西海市立S中図書館

2017年1月24日火曜日

内藤正典『となりのイスラム』ミシマ社、2016

たいへん分かりやすい内容です。


これを読むと、私たちの世界に関する認識のほとんどの部分が、近代ヨーロッパの世界観に由来するものだということがよく分かります。そして、それは、私たちが思っているほど普遍的なものではないということも。

例えば、自由と人権の国フランスで、なぜあれほどイスラム教徒のかぶるスカーフが忌避されるのか。

著者の解説を読むと、近代西欧の価値基準でイスラム世界を理解することは、不可能なのだと分かります。その価値を創出した本家のフランスでは、その価値の対立が、もっともラディカルに現れてしまうのでしょう。

所詮、私たちの他者理解は、その程度のものなのかもしれません。

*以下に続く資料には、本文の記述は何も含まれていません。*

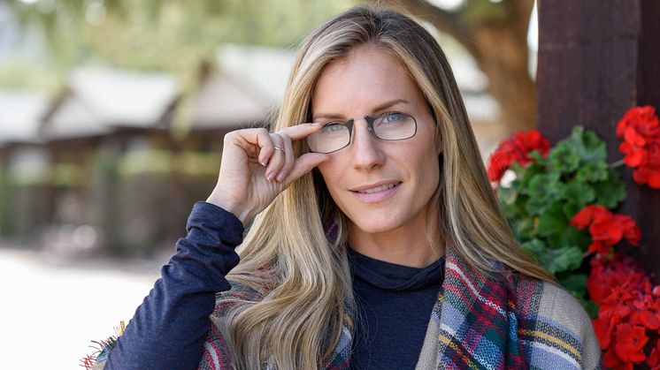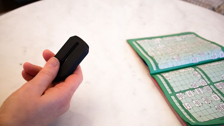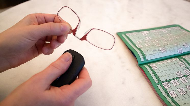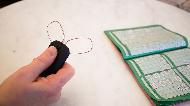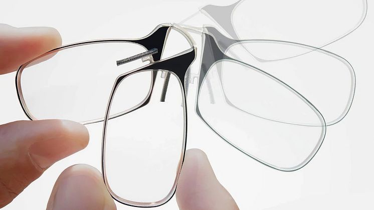 Läsglasögonen fälls enkelt ut ur fodralet genom att dra upp ett reglage med tummen. Glasögonen vecklas automatiskt upp, redo att placeras på näsan.
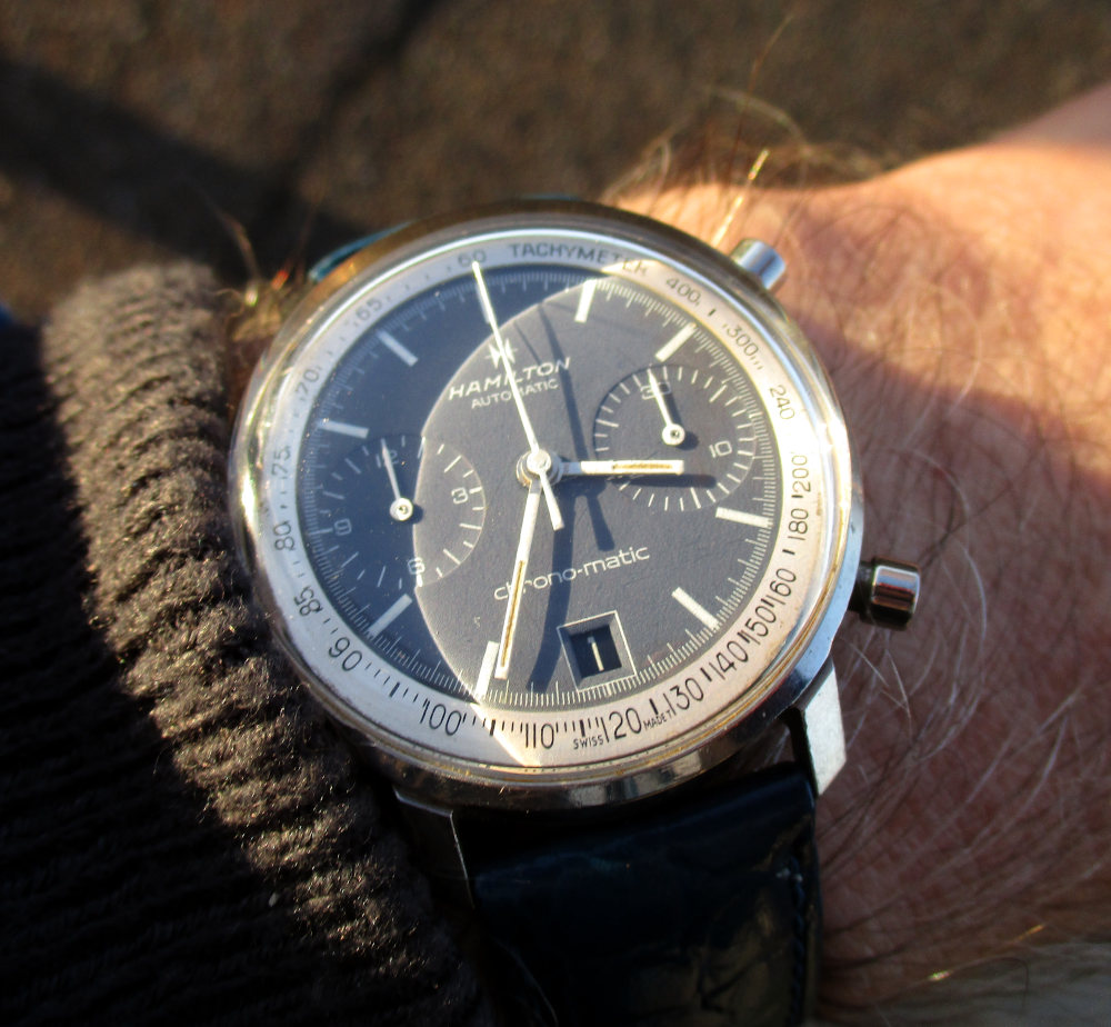 I also have an “Everest”. A Hamilton Everest Electric, from 1958. Don’t wear it much. Designed by Richard Arbib who worked with Harley Earl of General Motors. Together, they put the fins on the 1948 Cadillac. Arbib had a penchant for unusual design, and that is why Hamilton hired him to design their far out Electric Hamilton’s of the mid 1950s. Another of his designs was the Ventura.
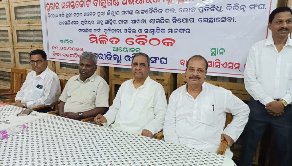 ପୁରୀର ସମସ୍ତ କୋର୍ଟ ବାଲୁଖଣ୍ଡ ଅଭୟାରଣ୍ୟକୁ ସ୍ଥାନାନ୍ତରଣ ପ୍ରକ୍ରିୟା ବିରୁଦ୍ଧରେ ପୁରୀ ବାର ଆସୋସିଏସନ୍ ର ଗୁରୁତ୍ବପୁର୍ଣ ବୈଠକ ଆଜି ଅନୁଷ୍ଠିତ ହୋଇଛି।ବାର ଆସୋସିଏସନ୍ ସମ୍ମିଳନୀ କକ୍ଷରେ ଅନୁଷ୍ଠିତ lମିଳିତ ବୈଠକରେ ସମସ୍ତ ରାଜନୈତିକ ଦଳ,ଲୋକ ପ୍ରତିନିଧି,ବିଭିନ୍ନ ସଂଘ,ଯାଗା,ଆଖଡ଼ା,ଶ୍ରୀମନ୍ଦିର ସେବାୟତ ନିଯୋଗ ,ସାମାଜିକ କର୍ମୀ ଯୋଗ ଦେଇଥିଲେ।

異質な世界に属する他者の行動が理解不能に思えるとき、私たちはそれをあわてて断罪するのではなくて、まず沈黙して、それからゆっくり理解の糸口を探すべきなのかもしれません。

最後には、イスラム教徒と付き合うときの極めて具体的な注意書きがあります。周囲にイスラム教徒の知り合いがいたらぜひ読んでみてください。